◆ PROVIDED RECORDS:
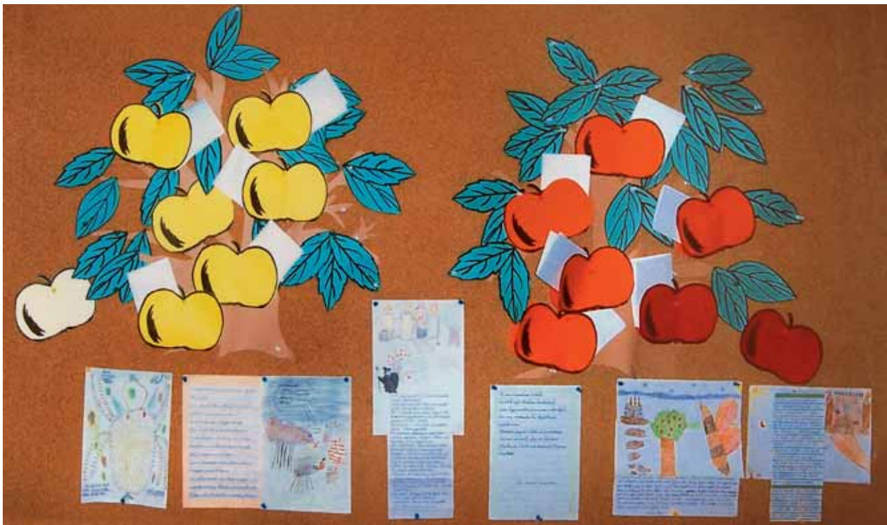
Abbildung 14: Apfelbäume

stellen eines großen „Erzählbaumes“ als sichtbare und vorweisbare gemeinsame Produktion vorgeschlagen. Zum Schluss des Projektes könnte ein Erzählfest, ein Elternnachmittag etc. stattfinden, anlässlich dessen die Kinder ihre „neuen“, selbst erfundenen Geschichten anderen erzählen. Wichtiges Ergebnis außerdem: die gemeinsame Erfahrung, dass aus einem gemeinsamen „Anfang“ so viele verschiedene Geschichten entstehen können.
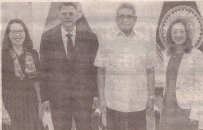
இலங்கைக்கு வந்துள்ள அமெரிக்க உயர்மட்ட இராஜதந்திர குழுவினர் நேற்றுத் திங்கட்கிழமை ஜனாதிபதி கோத்தாபய ராஜபக்சவைச் சந்தித்து கலந்துரையாடி உள்ளனர். இலங்கை வளமான எதிர்காலத்தை அடைவதற்கு அமெரிக்காவின் பூரண ஒத்துழைப்பைப் பெற்றுக் கொள்வது தொடர்பில் இந்தச் சந்திப்பில் கவனம் செலுத்தப்பட்டது என்று தெரிவிக்கப்பட்டது. (எ-இ)

மேல் மாகாணத்தில் அடையாளம் காணப்பட்டுள்ள 283 ஏக்கர் காணிகளில், காணிகள் அபிவிருத்தி செய்யும் கூட்டுத்தாபனம் பயிர்ச் செய்கையை ஆரம்பிக்கவுள்ளது. நகர அபிவிருத்தி மற்றும் வீடமைப்பு அமைச்சர் பிரசன்ன ரணதாங்க, நகர அபிவிருத்தி மற்றும் வீடமைப்பு அமைச்சின் கீழ் உள்ள நிறுவனங்களில் வெற்று நிலங்களை அடையாளம் கண்டு அவற்றைப் பயன்படுத்தி விரைவாக பயிர்ச்செய்கை ஆரம்பிக்கப்படவேண்டும் என்று அதிகாரிகர்களுக்கு ஆலோசனை வழங்கினார். அதன் ஒரு கட்டமாக இந்த வேலைத் திட்டம் நடைமுறைப்படுத்தப்படுகின்றது. இந்த வேலைத் திட்டத்தின் கீழ் இலங்கை காணிகள் அபிவிருத்தி செய்யும் கூட்டுத்தாபனத்தின் கீழ் உள்ள 188 ஏக்கர் நிலத்தில் விரைவாக பயிர்ச்செய்கை ஆரம்பிக்கப்படவிருப்பதோடு ஏற்கனவே 94 ஏக்கர் பரப்பளவுள்ள நிலத்தில் பயிர்ச்செய்கை ஆரம்பிக்கப்பட்டுள்ளது. நெல் மற்றும் குறுகிய காலப் பயிர்களை இந்த நிலங்களில் பயிரிடுவதற்குத் திட்டமிடப்பட்டுள்ளது. (எ-இ)
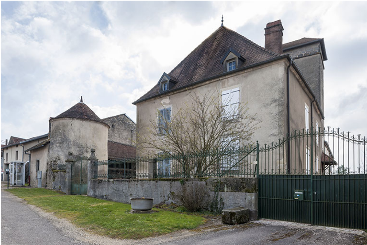
Demeure, rue Antoine Lumière. 70, Ormoy
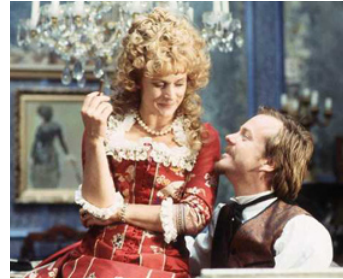
2003 GAUGUIN (Paradise Found) de Mario Andreacchio avec Nastassja Kinski
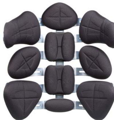
6 vertebre contour (avvolgente)
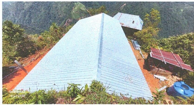
Foto 1: estructura de techo con costaneras y techo de lámina troquelada instalado con satisfacción.
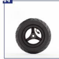
Pripučiami priekiniai ratai
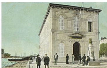
La Prud'homie de pêche, carte postale, fonds des archives communales de Martigues (4Fi4-27)

À sa fondation, elle est sise sur le plan de Meyran dans un local où la corporation du grand art se réunissait déjà. Le tribunal siège dans une petite bâtisse d'un étage, dépendance d'une chapelle de Pénitents noirs (1654) désaffectée en 1758 puis transformée en une halle aux poissons, un refuge pour les chemineaux et une scène de théâtre populaire.
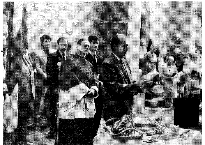
Felkérjük a polgármester urat, hogy legyen az új kenyér meg-„Szegő”-je

– A hívő katolikusok mindig megünnepelték Szent István királyt. A rendszerváltás után a legfőbb nemzeti ünnepünk lett ez a nap, és ezzel kapcsolatban az önkormányzat elképzelése szerint, a katolikus egyház készséges hozzájárulásával a katolikus templom terén történik a nemzeti ünnep megünnepelése, első szent királyunk megünnepelése, immár hagyományosan. Az ünnep a katolikus templomban a 10 órás nagymi-
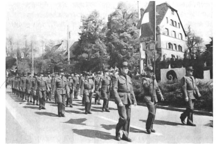
Vorbeimarsch in St. Jakob
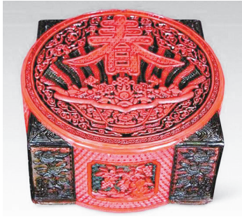
彩漆深雕春字花卉盒
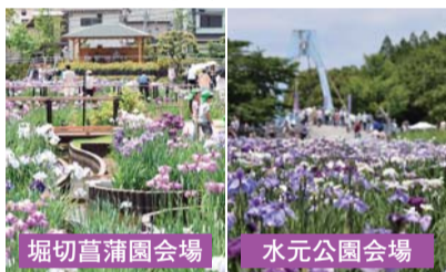
堀切菖蒲園会場 水元公園会場

5月27日〜6月16日の期間、葛飾菖蒲まつりが開催されました。堀切菖蒲園会場では花菖蒲の人気投票やパレードなどが行われ、水元公園会場では民謡踊りやカラオケ大会などが行われました。今年も多くの方が咲き誇る花菖蒲を見たり、イベントなどを楽しんだりしていました。
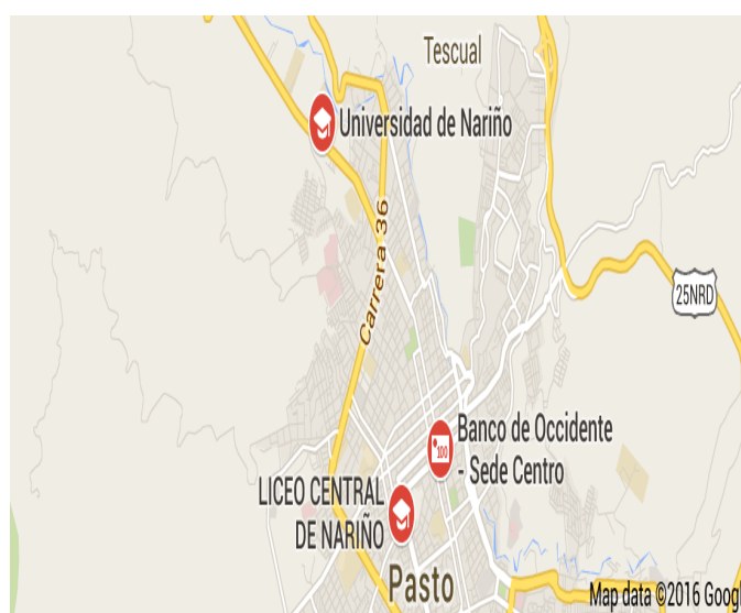
Figura 1. Ubicación de la IEM Liceo Central de Nariño sede 3
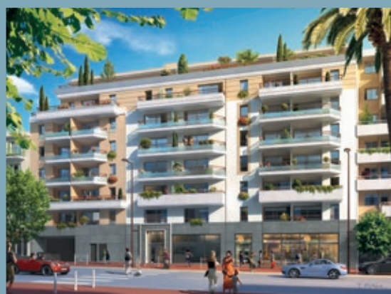
MARINA BAY - ANTIBES JUAN-LES-PINS
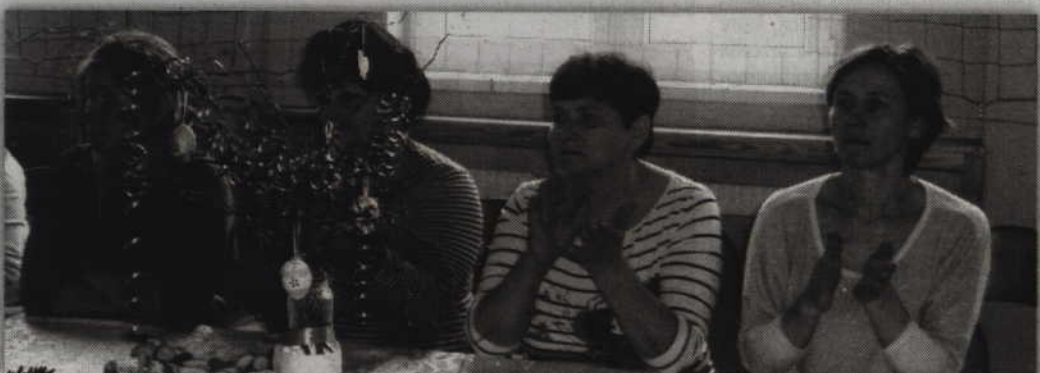
Zwycięzynie III turnieju kół gospodyń wiejskich panie z Okrągłej Łąki.

◆ WHAT YOU WILL DO: Please write out exactly the lines from the one holding "MARINA BAY - ANTIBES JUAN-LES-PINS" through the last line of the material above, both included, as a copy without pictures.

◆ ANSWER TO THIS PROBLEM:
MARINA BAY - ANTIBES JUAN-LES-PINS
Zwycięzynie III turnieju kół gospodyń wiejskich panie z Okrągłej Łąki.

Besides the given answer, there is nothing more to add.